O campo mais promissor é o dos inibidores de protease, moléculas quirais que se vendem a US$ 2.500-6.000/kg. Exemplos são o nelfinavir e o indinavir, cujas vendas mundiais já são superiores a US$ 400 milhões e US$ 200 milhões/ano, respectivamente.
Mas, nesse meio tempo, sábios do BNDES se declararam pela eutanásia da química fina brasileira, baseando esse obiter dictum na ausência de massa crítica e de economias de escala, e na dificuldade – essa talvez real – de conseguir homologar pela FDA uma planta cGMP no Brasil. A discussão pública do tema ainda costuma subentender o conceito cepalesco da substituição de importações, que nesses círculos vem custando a morrer.
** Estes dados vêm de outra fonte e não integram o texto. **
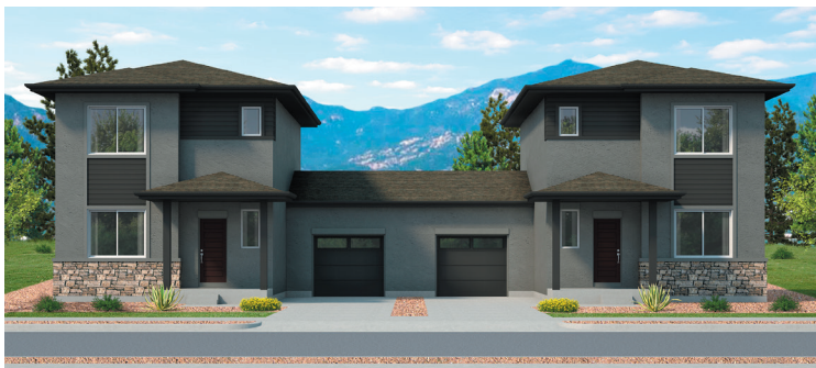
ELEVATION C w/ standard stone
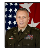
JUDGE ADVOCATE GENERAL LTG Stuart W. Risch
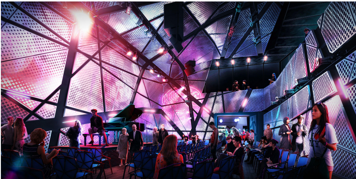
Rendering of the finished stage.
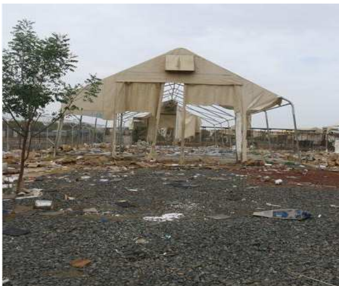
WFP food store in Malakal looted and trashed; the looting and destruction has worsened an already severe food crisis.

World Food Programme (WFP) warehouses in Malakal were completely looted and destroyed in January, when opposition forces gained control of the town. Civilians participated in the looting, accelerating the speed and scale at which properties were taken. Food supplies sufficient to feed 400,000 people for three months were reportedly looted in less than three days. In the surrounding areas, Amnesty International delegates saw scattered empty tins of oil—all that remained.
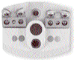
1018A Single Terminal Block (2 Terminals) Order 1018A
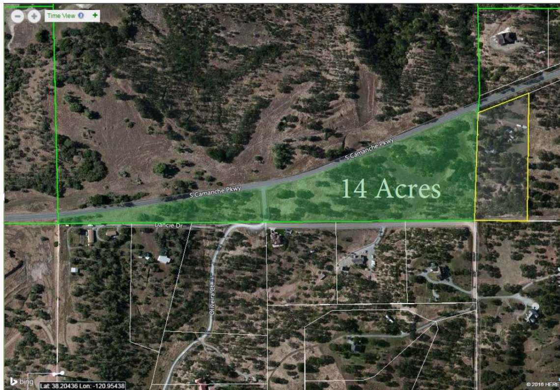
Table 2- APN 048-001-003 Zoning and Land Use Designation
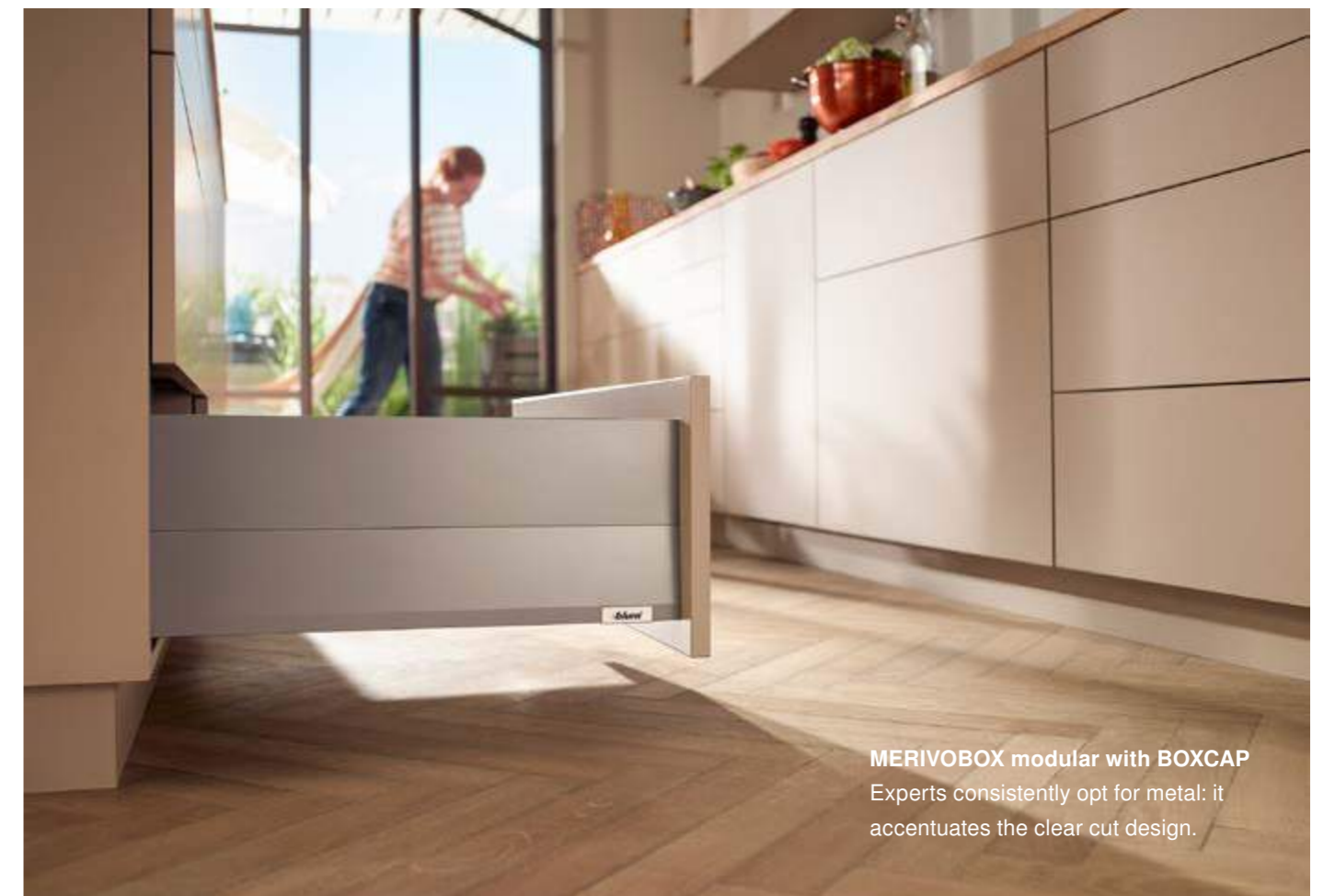
MERIVOBX modular with BOXCAP Experts consistently opt for metal: it accentuates the clear cut design.

Basta olhar para países como Irlanda, Coréia, Índia, China, cada um com uma success story para contar; e isso, em pouco tempo, duas décadas se muito. Ou seja, um pouco mais do que o tempo durante o qual se vem discutindo o destino dos ativos químicos do Grupo Econômico.
E não só esses países, pois até Portugal tem uma história a contar. A Hovione, controlada pela família Villax, que começou a vida modestamente com a química dos esteróides e hoje opera duas plantas de síntese altamente diversificadas – uma perto de Lisboa e a outra em Macau (!), ambos belos exemplos de ausência de massa crítica – acaba de anunciar sua intenção de investir algumas dezenas de milhões de dólares numa operação sediada em New Jersey.
Parece até que, por algum decreto tácito, a única reação química hoje em dia merecedora das atenções do setor público é a de polimerização. O resto … Uma política menos imediatista e casuística acrescentaria, é bem verdade, uns US$ 5-10 milhões anuais ao orçamento de US$ 300 milhões do programa de combate à aids. É pouco diante dos potenciais benefícios futuros para o país, seus químicos e sua indústria de síntese orgânica.